## Supplied records
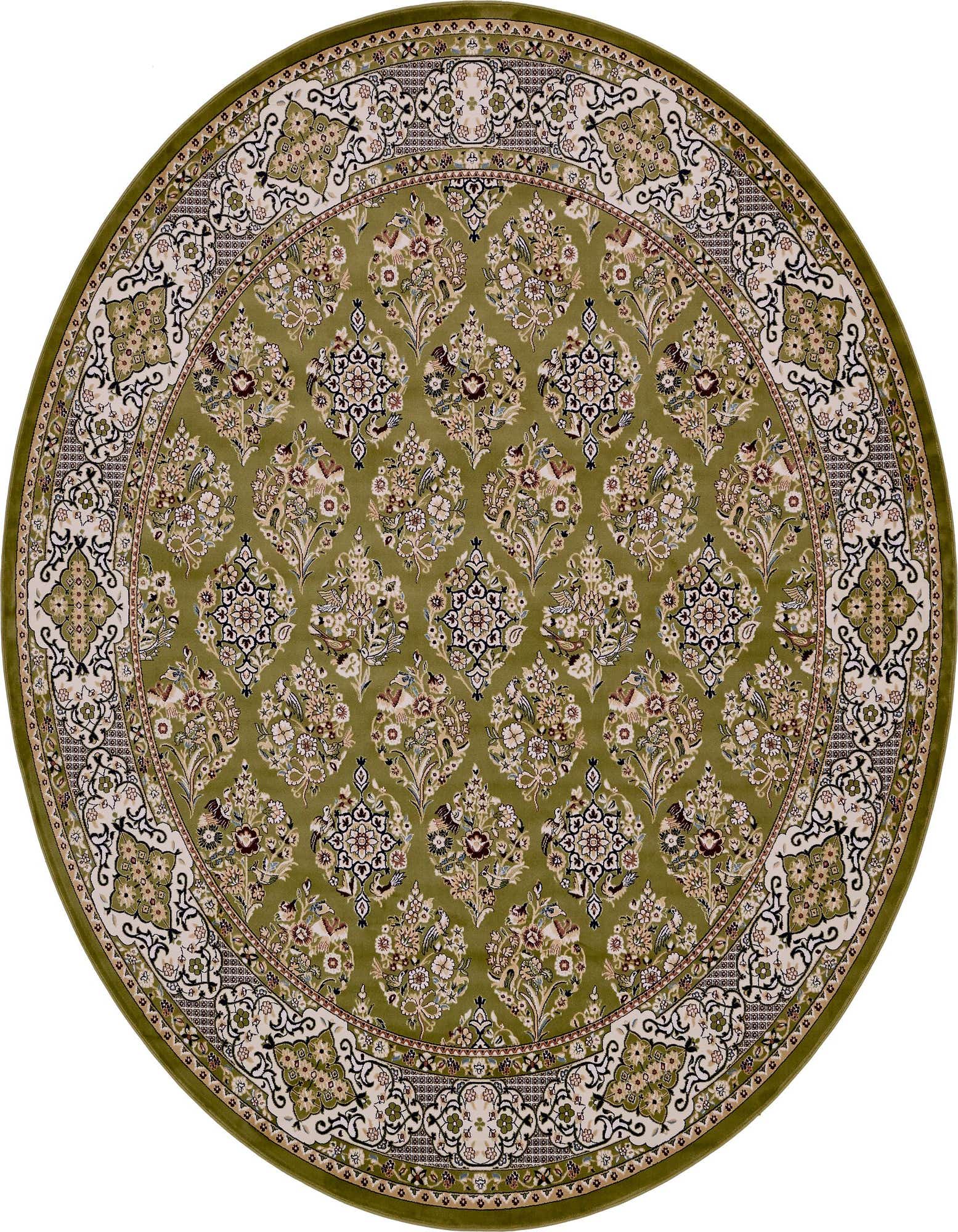 Primary color is Green. Colors in this rug include: Green, Beige, Blue, Burgundy, Cream, Ivory, Navy Blue, Puce.
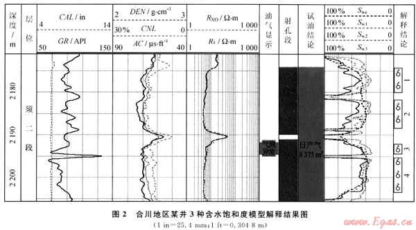 準(zhǔn)確計(jì)算含水飽和度是低孔低滲儲(chǔ)層定量評(píng)價(jià)的難題之一。目前,泥質(zhì)砂巖儲(chǔ)層中根據(jù)泥質(zhì)分布形式建立的含水飽和度模型有30多種,廣泛用于泥質(zhì)砂巖含水飽和度公式大多采用體積模型與電阻并聯(lián)及Archie公式,并作不同假設(shè),都帶有經(jīng)驗(yàn)性[1]。對(duì)不同地區(qū)、不同儲(chǔ)層特征、不同地層水條件下若不加以研究會(huì)使求取的含水飽和度誤差很大。合川地區(qū)須二段氣藏儲(chǔ)層屬低孔低滲,孔喉結(jié)構(gòu)復(fù)雜、地層水礦化度高、束縛水飽和度高等特征,導(dǎo)致儲(chǔ)層含水飽和度定量評(píng)價(jià)困難,而目前又沒有完全適用于各種儲(chǔ)層的含水飽和度模型,出現(xiàn)儲(chǔ)量計(jì)算不準(zhǔn)、氣水分布認(rèn)識(shí)不清、流體性質(zhì)判別符合率低和產(chǎn)能預(yù)測困難等難題[2~3]。研究適用研究區(qū)復(fù)雜地質(zhì)條件下的含水飽和度解釋模型,提高含水飽和度解釋精度成為當(dāng)務(wù)之急,能為川中地區(qū)低孔滲砂巖氣藏勘探開發(fā)提供有力支持。
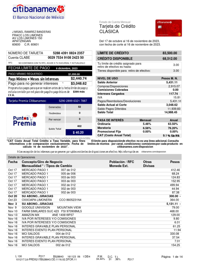 Pago para no generar intereses $3,048.62 Saldo Anterior 5,431.11
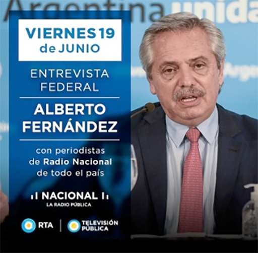 El presidente de la Nación Alberto Fernández brindará una entrevista simultánea, por primera vez en la historia, con once periodistas de las emisoras de Radio Nacional y RAE, con transmisión en vivo por Televisión Pública.
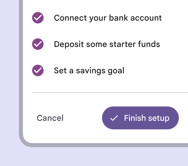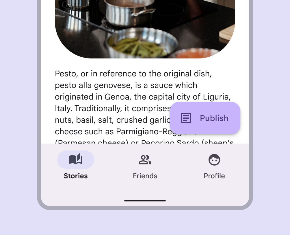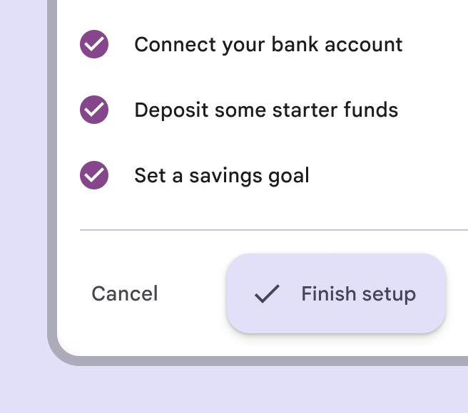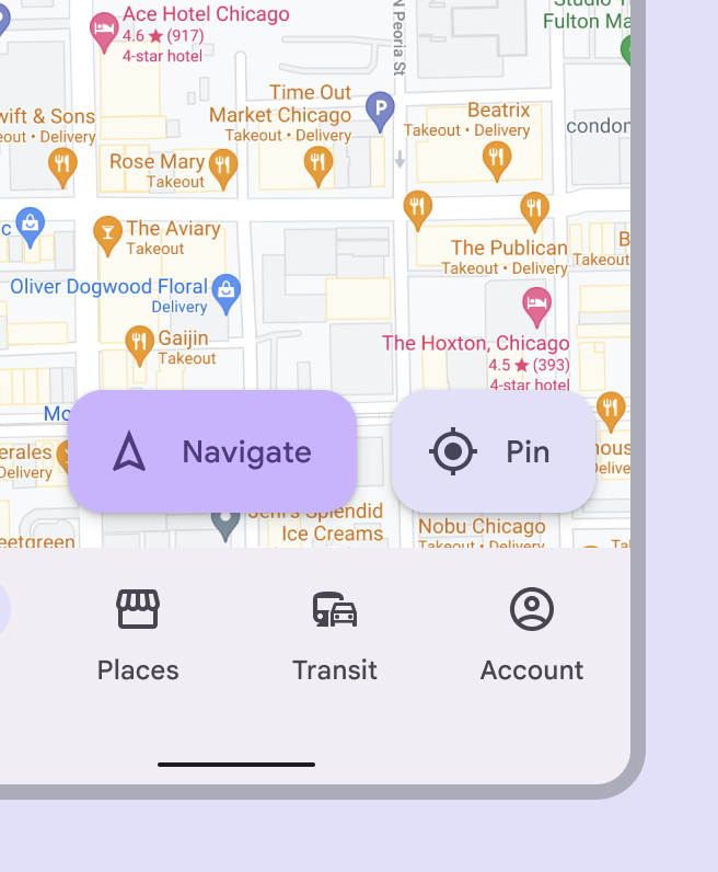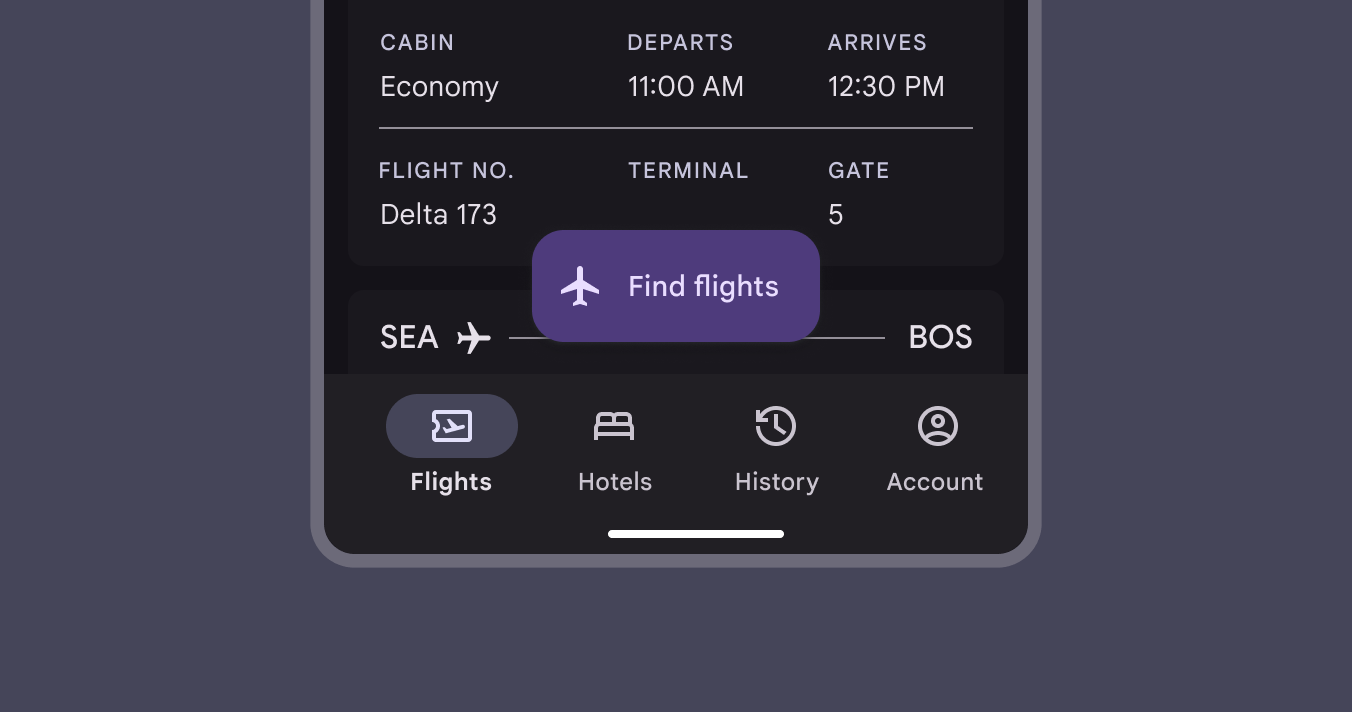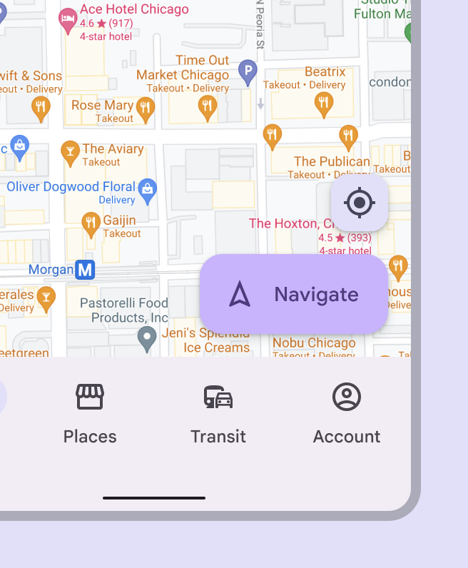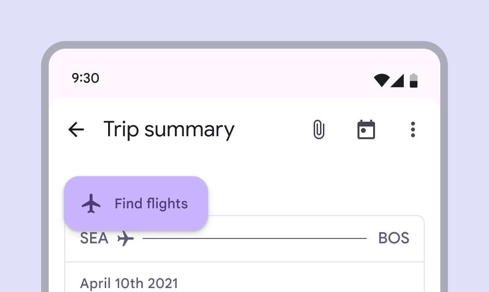 - 例如,在航班預訂或導航操作中,擴充套件 FAB 可提供更清晰的文字指引。

## Exercise directions
Quote every record above exactly, omitting any pictures they contain.

## Exercise solution
 Primary color is Green. Colors in this rug include: Green, Beige, Blue, Burgundy, Cream, Ivory, Navy Blue, Puce.
 準(zhǔn)確計(jì)算含水飽和度是低孔低滲儲(chǔ)層定量評(píng)價(jià)的難題之一。目前,泥質(zhì)砂巖儲(chǔ)層中根據(jù)泥質(zhì)分布形式建立的含水飽和度模型有30多種,廣泛用于泥質(zhì)砂巖含水飽和度公式大多采用體積模型與電阻并聯(lián)及Archie公式,并作不同假設(shè),都帶有經(jīng)驗(yàn)性[1]。對(duì)不同地區(qū)、不同儲(chǔ)層特征、不同地層水條件下若不加以研究會(huì)使求取的含水飽和度誤差很大。合川地區(qū)須二段氣藏儲(chǔ)層屬低孔低滲,孔喉結(jié)構(gòu)復(fù)雜、地層水礦化度高、束縛水飽和度高等特征,導(dǎo)致儲(chǔ)層含水飽和度定量評(píng)價(jià)困難,而目前又沒有完全適用于各種儲(chǔ)層的含水飽和度模型,出現(xiàn)儲(chǔ)量計(jì)算不準(zhǔn)、氣水分布認(rèn)識(shí)不清、流體性質(zhì)判別符合率低和產(chǎn)能預(yù)測困難等難題[2~3]。研究適用研究區(qū)復(fù)雜地質(zhì)條件下的含水飽和度解釋模型,提高含水飽和度解釋精度成為當(dāng)務(wù)之急,能為川中地區(qū)低孔滲砂巖氣藏勘探開發(fā)提供有力支持。
 Pago para no generar intereses $3,048.62 Saldo Anterior 5,431.11
 El presidente de la Nación Alberto Fernández brindará una entrevista simultánea, por primera vez en la historia, con once periodistas de las emisoras de Radio Nacional y RAE, con transmisión en vivo por Televisión Pública.
 - 例如,在航班預訂或導航操作中,擴充套件 FAB 可提供更清晰的文字指引。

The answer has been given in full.